Day: April 27, 2011

  • Motivation

    I hear rumors that one of the members of the British royal family is getting married this week.  You’d think the news would be all over that.  Oh wait they are, I hear that 6% of Americans are closely following this marriage and the other 94% have enough problems in their own relationship to worry about a balding horse-toothed prince.  Also I think we shouldn’t call her “Kate Middleton” or “Princess Katherine”.  She shall now be called “P. Kitty”.  I hope they have tight security at the wedding because today I found out that I am #34617259th in line for the British throne.  They don’t want me on the throne because I will teach them the meaning of “reign of terror”.  My first royal proclamation would be “I shit on the Magna Carta.”

    I want a girlfriend who is a zombie so that way she can appreciate me for my brains and not my body.

    Do you ever think that the reason that geologists say the earth is 6000 years old is so they can make Mother Nature blush and get on her good graces for some loving?

    I only like to have sex with girls who have a Master’s degree or Doctorate.  Why?  I’m fucking genius.  And remember I'm the guy that said that the only way I'd get married is if the girl I married was born on February 14th and agreed to be married on February 14th.  Well it didn't happen but I did find a girl who was born on my birthday and agreed to get married on that day but I didn't marry her because I'd still have to remember Valentine's Day.

    Are hipsters still wearing mesh trucker hats ironically?  I need a hat that matches my mesh shirts and I don’t want to be a hipster.

    I took a girl to a Brewers game the other night.  We had a deal.  I kissed her on the strikes and she kissed me on the balls.

    Coors Light has an indicator that tells you if your Coors Light is cold.  If you’re drinking Coors Light do you really care if it’s cold or not?

    I was interviewed to be the fourth Beastie Boy.  They liked my haikus and my funny lines because I think that’s some Buddhist stuff.  Anyway I didn’t get the job because I viewed partying as more of a privilege than a right.

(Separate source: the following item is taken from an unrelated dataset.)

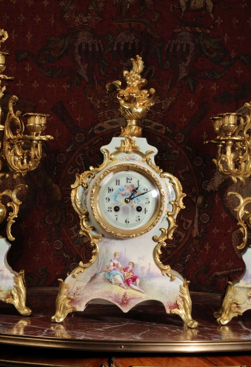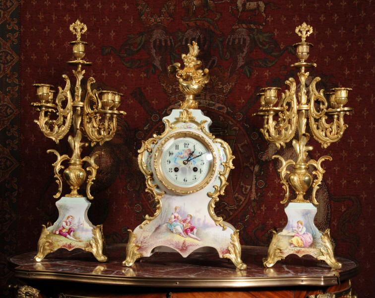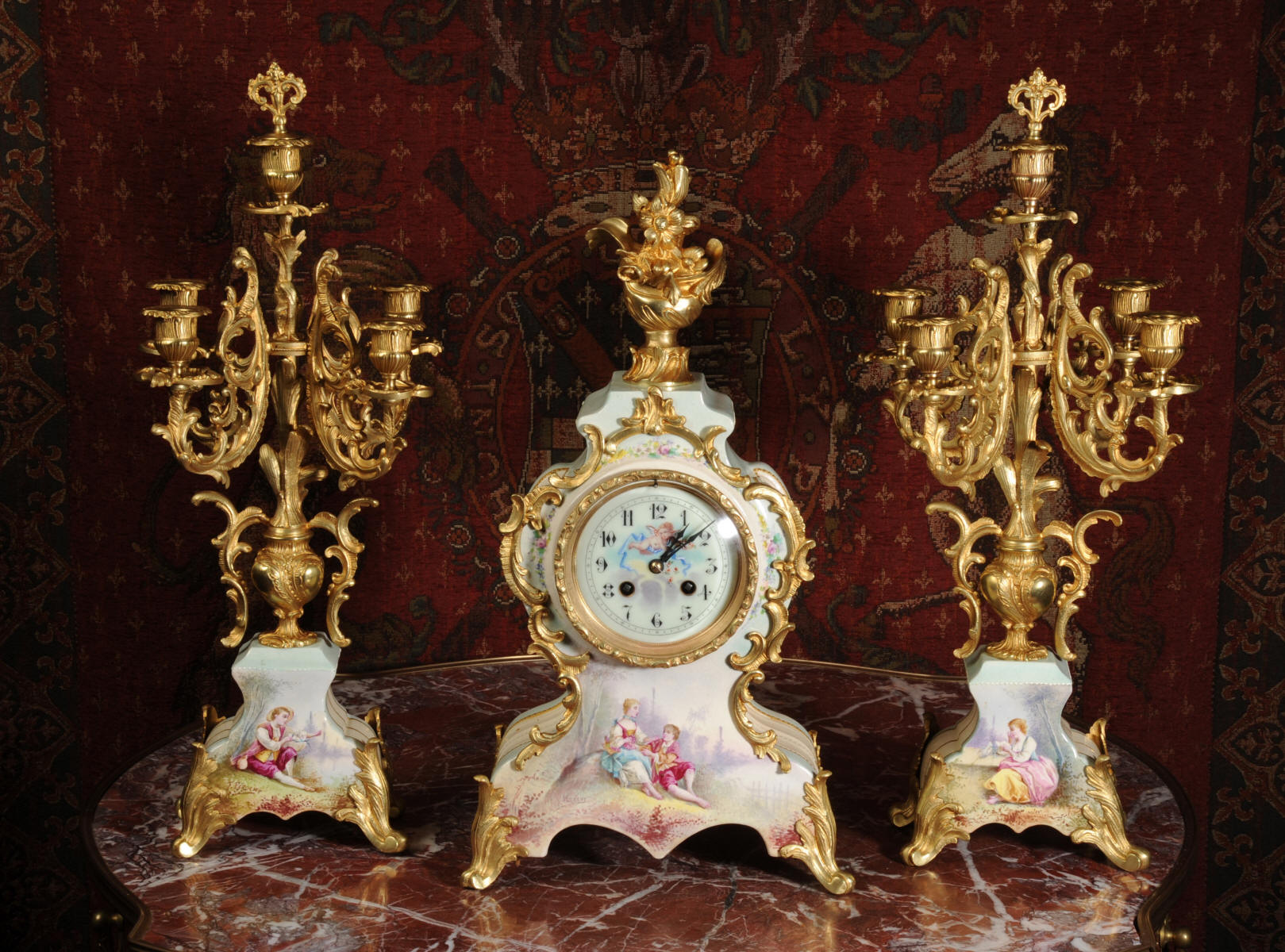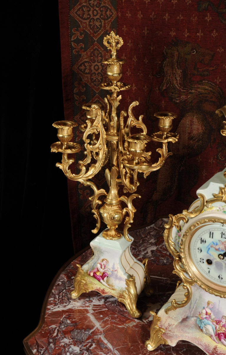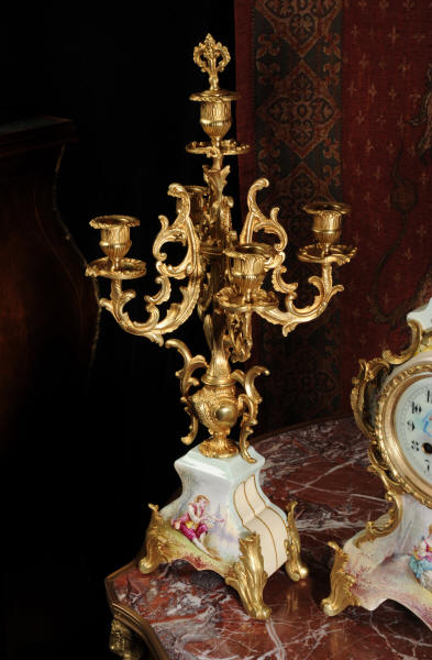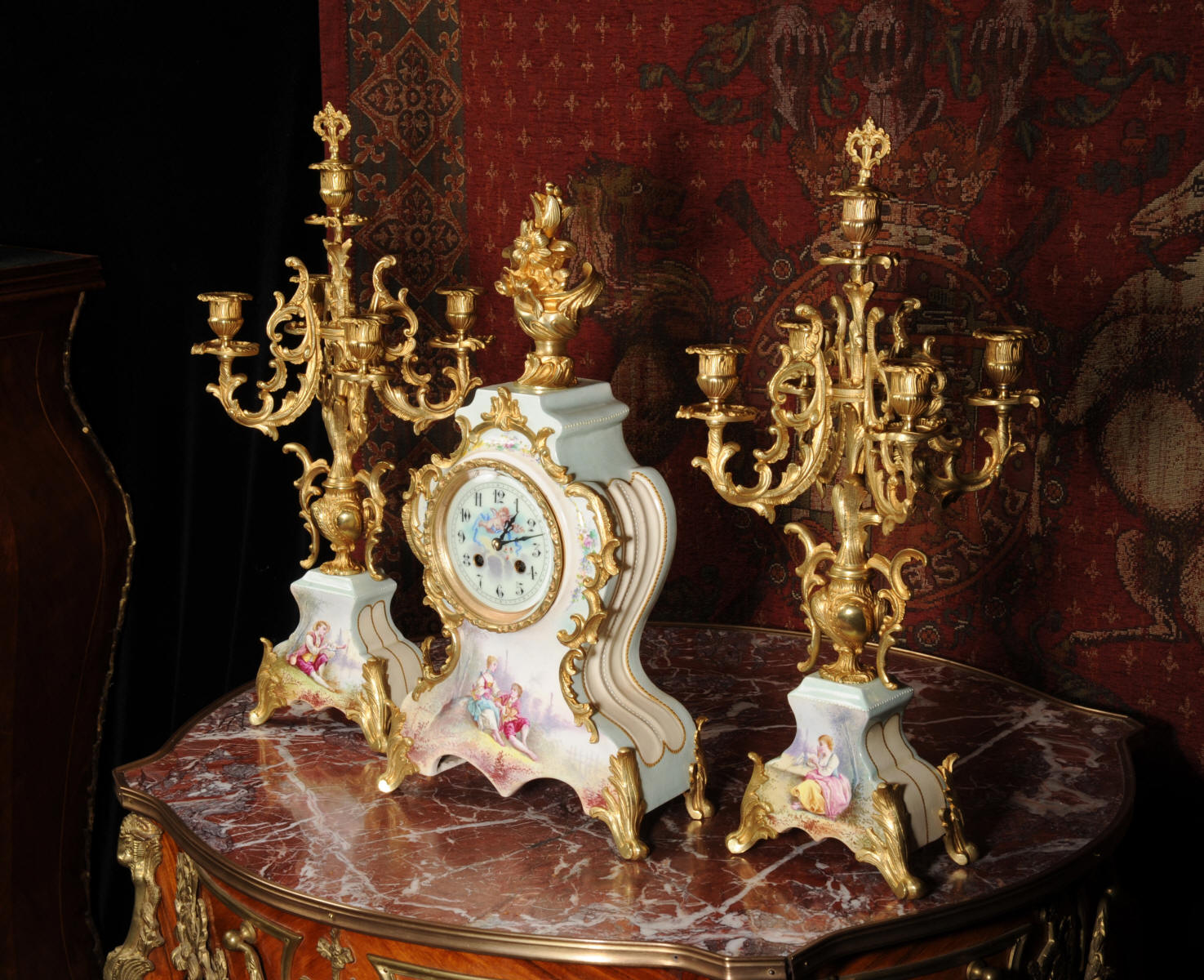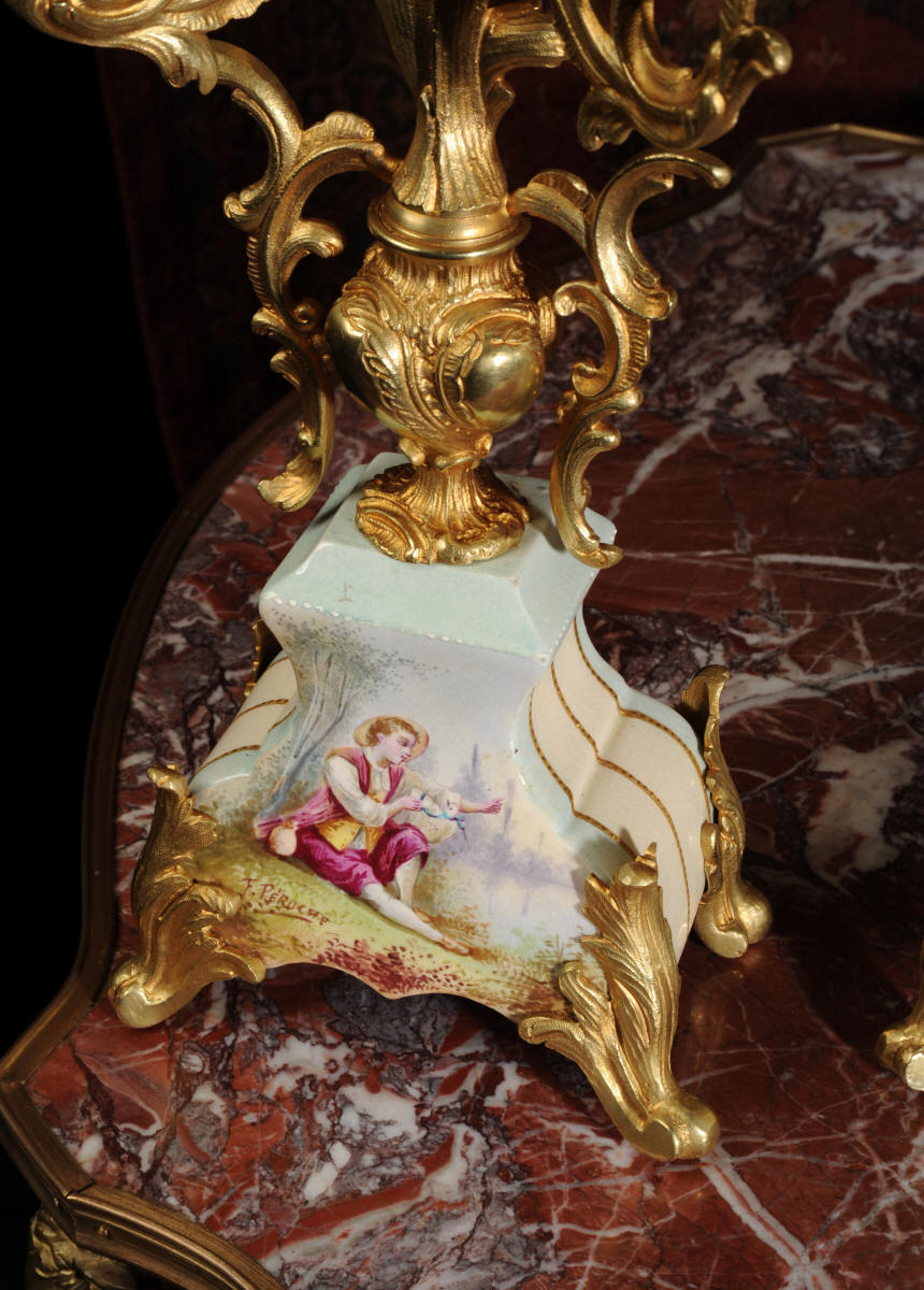 The bodies are mounted with ormolu (gilt bronze) in the Rococo style. The clock stands on acanthus bracket feet with a large and elaborate Rococo boat shaped urn to the top. Candelabra are conforming in style with four branches and the original snuffers. The dial is stunning, enamel on copper, delicately painted with a cherub on a pale blue ground. It is complete with original blued steel hands. The French movement is by Japy Freres and is of this makers usual high quality. The Japy Freres mark is on the movement backplate. It is in excellent clean and running condition having been fully overhauled by our clockmaker. Pendulum is original. It runs for 8 days and strikes the hours and halves on a bell. Click the video clip below to hear the bell and watch the clock running! Condition of the case is excellent, the original gilding is beautifully clean and bright with hardly any wear or discolouration and there are no losses. The Faience is in excellent condition, there are just a couple of original firing marks and some very slight wear to the glaze on the top. The glaze has lightly crazed which only adds to its antiques appearance. The dial is also in excellent condition, no chips or scratches. Candelabra are slightly distorted. The set makes a stunning display as you can see below.

    I’ve heard people spew the “fact” that every cigarette you some takes seven years off your life.  What if I was going to become a late-in-life serial killer?  Then smoking saves lives.  They also claim that if you stop smoking you can add ten years to your life.  So should I start smoking and then quit, start smoking and then quit, start smoking and then quit?  I COULD BE IMMORTAL!

    Every time I go out to the bar looking for a girl, I put a porn in the dvd tray because that’ll more than likely be my date.

    And now for your weekly dose of motivation, a dosage that will drive some of you insane:












    The easiest way I’ve found to avoid people and not talk to them is to say “Just text me.”

    Are people who only want to have sex with the homeless called hobosexuals?

    Are the birthers who want to see Obama’s birth certificate questioning whether or not he was born?  If that’s the case I want to see the death certificate for Donald Trump’s hair.  If he wants it so bad, Trump can come to my house to view Obama’s birth certificate.  I found it under my couch when I was looking for my cat.  Strange, things are always in the last place you’d look.  Oh and because I was Facebook friends with a member of the Obama administration and saw IP addresses from Washington D.C. and the Armed Forces in my footprints, I like to think that they posted his birth certificate online all because of me.

    Investment tip of the week: never give money to someone who has a tattoo of a weapon.

    I’ve found that the best way to hypnotize women is to do jumping jacks naked.

    Girls, trim your bushes.  I need to see in your windows at night.

    Opinions are like male nipples, not necessary.

    Why do they put a piece of toilet paper in wedding invitations?  Is it to say that if you come you’re going to have a shitty time?